The term sciatica describes the symptoms of leg pain--and possibly tingling, numbness, or weakness--which travel and originate in the lower spine through the buttock and down the large sciatic nerve in the back of each leg.
Sciatica can be characterized by one or more of these symptoms:
Pain may differ from irritating and rare to incapacitating and continuous. Symptoms are usually based on the location of the nerve.
While symptoms may be extreme and possibly debilitating, it is uncommon for permanent sciatic nerve damage (tissue damage) to occur but it is possible.
Specific sciatica symptoms - leg pain, numbness, tingling, weakness, and possibly pain that radiates into the foot - largely depend on where the nerve is pinched. For example, a lumbar section 5 (L5) nerve impingement may cause weakness in extension of the big toe and potentially in the ankle.
The Course of Sciatica Pain
Sciatica rarely occurs before the age of 20, and is most likely to develop around age 40 or even 50.
Because the term sciatica is often used to describe leg pain, estimates of its incidence vary. Some researchers have estimated it will affect up to 43% of the population at a certain point.
The majority of individuals who experience sciatica get better within a couple of weeks or months by using a variety of non-surgical sciatica treatments. However, for some, the leg pain from a pinched nerve can be severe and debilitating.

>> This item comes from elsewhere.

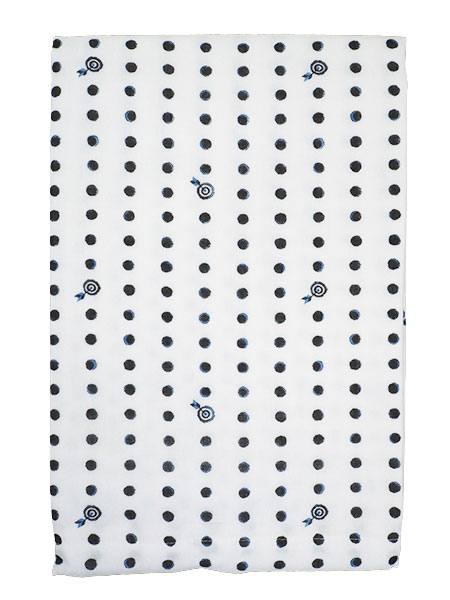 ところどころに的に当たった矢がある、豆しぼり柄の湯上りです。

Seeing a Blair Chiropractic Doctor for sciatica pain is advised in order to check for more serious issues and to reduce the pain.
When Sciatica Is Serious:
Certain sciatica symptoms, although rare, require immediate health, and possibly surgical intervention. These include, but aren't limited to, progressive neurological disorders (e.g. leg fatigue) and/or bowel or bladder dysfunction. Infection or spinal tumors may also lead to sciatica.
The Blair Upper Cervical Chiropractic Technique is a specific system of analyzing and adjusting the upper cervical vertebrae of the spinal column. These vertebrae can misalign in such a way as to interfere with the brainstem and spinal cord as they exit through the floor of the skull into the neural canal.